[![Open In Colab](https://colab.research.google.com/assets/colab-badge.svg)](https://colab.research.google.com/drive/1ZGObhOKJCQhJJZFakc-v2ykj-hXm7K2o?usp=sharing)


# Fine-tuning RoBERTa for Topic Classification with Hugging Face Transformers and Datasets Library


This is the code for the medium post [Fine-tuning RoBERTa for Topic Classification with Hugging Face Transformers and Datasets Library](https://medium.com/@achillesmoraites/fine-tuning-roberta-for-topic-classification-with-hugging-face-transformers-and-datasets-library-c6f8432d0820).

**The code and the post assume that**:
- You have a Hugging Face 🤗 account and are familiar with the platform (at least with creating a model repo and access tokens).
- You are experienced with Machine Learning (ML), Deep Learning, and NLP.
- You have some experience with Deep learning frameworks like Pytorch or Tensorflow.
- You have coding experience with Python.
- You have access to a Jupyter Environment with a GPU that can support the training process, and you are proficient in using it.

## ⚠️Warning
The post and the accompanying code do not intend to teach ML, Deep Learning, or NLP!

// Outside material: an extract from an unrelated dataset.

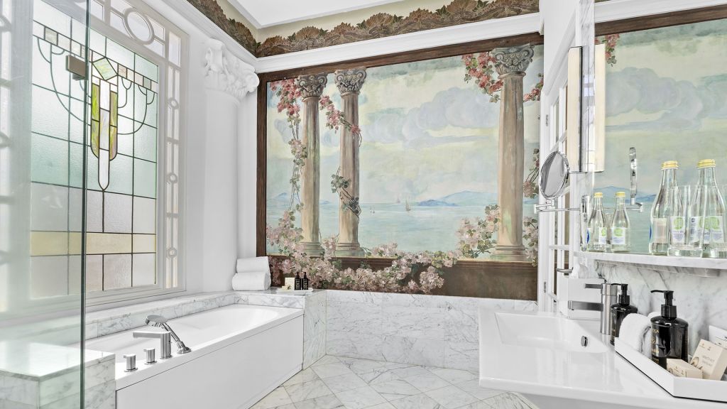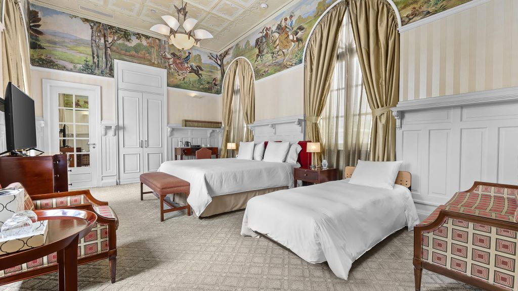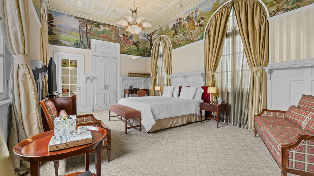 1 king bed – 48sqm / 517sqft – sitting area – the junior suite overlooks the garden and the panecillo hillside – this room used to be the “tea room” of the gangotena family, where the family’s women and friends would gather – situated on the first floor, the spacious junior suite features an original, 360-degree restored mural depicting a hunting scene – desk – table and armchair – en-suite bathroom with bath and shower combination – double vanity – makeup mirror – hairdryer – bathrobes and slippers – l’ occitane bathroom amenities – complimentary wi-fi – 32’ flat screen tv with cable and over 90 national and international channels – telephone – air conditioning and heating – tea / coffee maker – in room safe – connecting rooms possible – extra single bed possible for a child up to 15 years – charges apply – maximum occupancy 2 adults and 1 child up to 15 years old

The aim of the post and the code is to illustrate the process of finetuning a RoBERTa model and publishing it to the Hugging Face 🤗 platform.

Building a production-level ML model involves steps and processes not covered by the post and the code.


In [None]:
!pip install transformers datasets huggingface_hub tensorboard==2.11
!sudo apt-get install git-lfs --yes

Looking in indexes: https://pypi.org/simple, https://us-python.pkg.dev/colab-wheels/public/simple/
Collecting transformers
  Downloading transformers-4.27.3-py3-none-any.whl (6.8 MB)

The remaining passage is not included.